City keeps AWG funding agreement secret at YG’s behest

The City of Whitehorse has been asked to host the Arctic Winter Games two years earlier than scheduled.

The City of Whitehorse has been asked to host the Arctic Winter Games two years earlier than scheduled.

Nunavut was slated to host the 2020 games but is unable to fulfill its duties. If Whitehorse does not host, there is no alternative community for the 2020 games, administration told city council at the May 16 meeting.

The territorial government asked the city of Whitehorse to “step up” to fill the hosting gap, said Linda Rapp, the acting city manager.

The city has already set aside a budget of $200,000 for the games, which is its cash-in-hand contribution, said Rapp. The city will also contribute in-kind services, such as use of facilities and transportation, she said.

It’s not known how much the 2020 games will cost, because the host society that will be in charge of the event — which is also responsible for creating the budget — has not been formed yet.

A large amount of the funding for the games comes from fundraising, which the host society is responsible for, said Rapp, in addition to various government grants.

When Whitehorse last hosted the games in 2012, the cost for the event was $6.4 million, of which the federal government contributed $1 million.

The territorial government has not yet pledged an exact amount of money for the games because the legislature is sitting, Rapp said. But the government has drafted a memorandum of agreement with the city to cover any deficit it might face from hosting the games.

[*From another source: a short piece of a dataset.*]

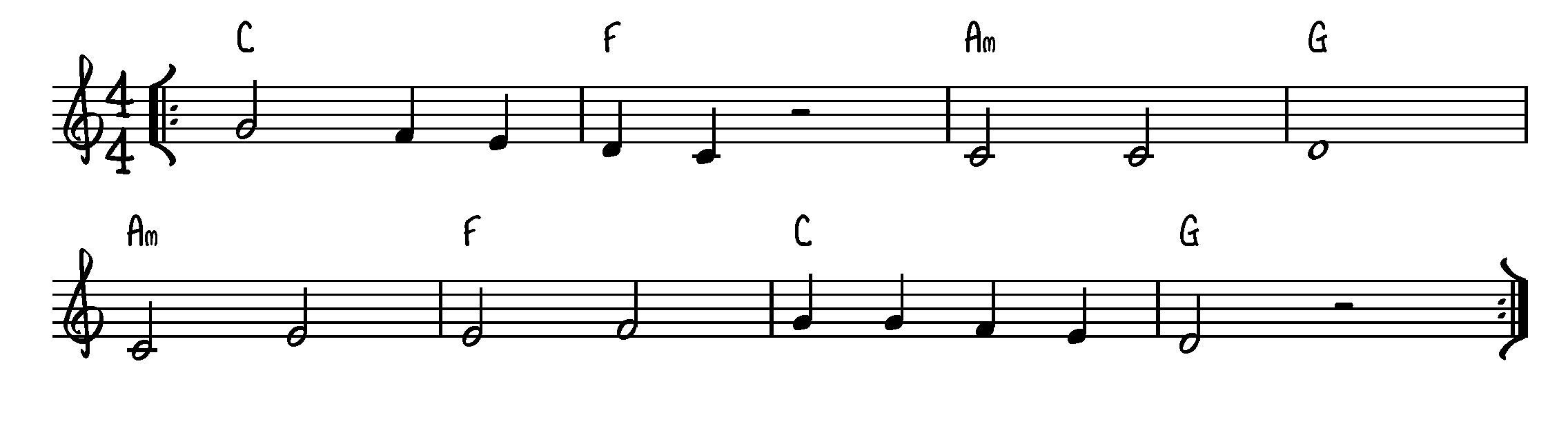 Rytmeværdier: 1/1-, 1/2 og 1/4 dels noder og pauser.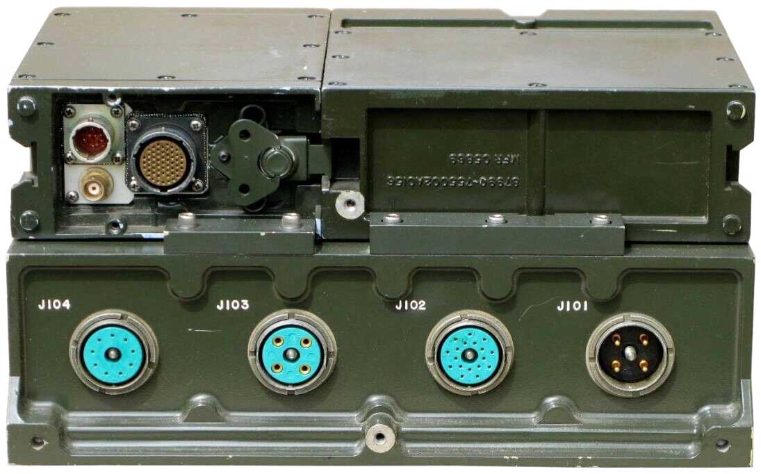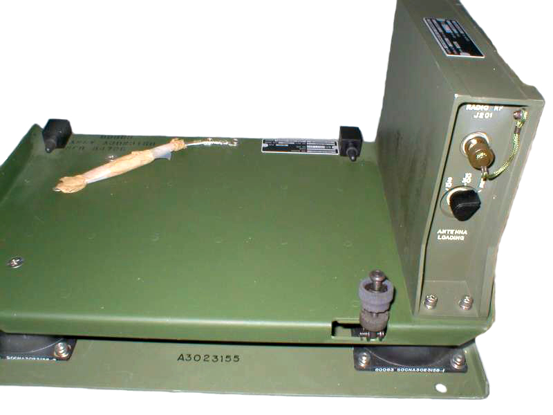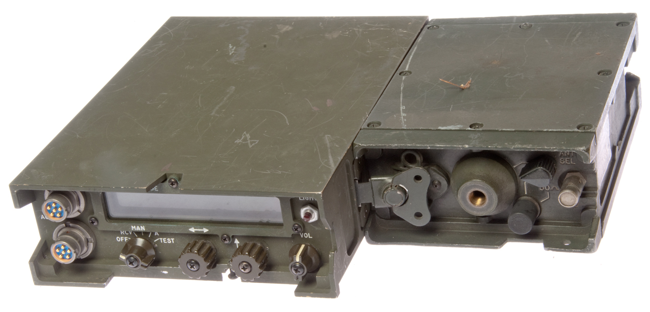 This is a combined RT-1209 and the RT-1444 all in one box so on one side it has the connector to go to the RF Amp and on the other side the connector for the URC-113/GRC-206. It has the same battery box connector on the bottom to make a PRC-104 manpack radio.

“The Yukon government is not in a position yet to be able to say ‘we will give you $2.1 million or $2.9 million’ or whatever it is,” she said. “The MOA is really the stop-gap the city needs so that it knows the city won’t be left funding the games.”

Traditionally, Rapp said, the host city is the only one who signs on to be financially responsible for the games, but in this case the territorial government is functioning as a co-signer to the deal.

“It does commit them to some financial support but it doesn’t say how much,” Rapp said.

In this way, the MOA essentially functions as a promise that the city will not be left holding the funding bag.

“I think the biggest thing for the city is … if YG is co-signing with us and promising to pick up any shortfall, that’s almost as good as saying how much we will get.”

The MOA was not available to the public at the May 16 council meeting.

Rapp said the MOA was currently with the Yukon government’s legal department.

City administration said via email that, “The Yukon government is still reviewing the draft MOA as well so they requested that it not be made public until it was approved. Council has a copy so they know what they are voting on.”

Exactly when the details of the MOA will be made public is unknown.

City council will vote on whether to sign the MOA May 26.